Article ID: | iaor201525009 |
Volume: | 56 |
Issue: | 2 |
Start Page Number: | 145 |
End Page Number: | 169 |
Publication Date: | Jun 2014 |
Journal: | Australian & New Zealand Journal of Statistics |
Authors: | Welsh A H, Scealy J L |
Keywords: | statistics: general |
The different constituents of physical mixtures such as coloured paint, cocktails, geological and other samples can be represented by d‐dimensional vectors called compositions with non‐negative components that sum to one. Data in which the observations are compositions are called compositional data. There are a number of different ways of thinking about and consequently analysing compositional data. The log‐ratio methods proposed by Aitchison in the 1980s have become the dominant methods in the field. One reason for this is the development of normative arguments converting the properties of log‐ratio methods to ‘essential requirements’ or Principles for any method of analysis to satisfy. We discuss different ways of thinking about compositional data and interpret the development of the Principles in terms of these different viewpoints.

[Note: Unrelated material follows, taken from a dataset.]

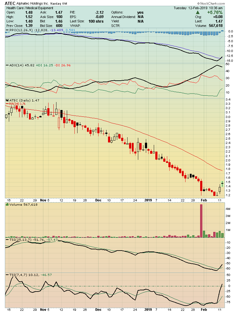 Sold ATEC this morning at 1.49. Would have liked the ADX higher before the pincher started to spread..

We illustrate the properties on which the Principles are based, focussing particularly on the key subcompositional coherence property. We show that this Principle is based on implicit assumptions and beliefs that do not always hold. Moreover, it is applied selectively because it is not actually satisfied by the log‐ratio methods it is intended to justify. This implies that a more open statistical approach to compositional data analysis should be adopted.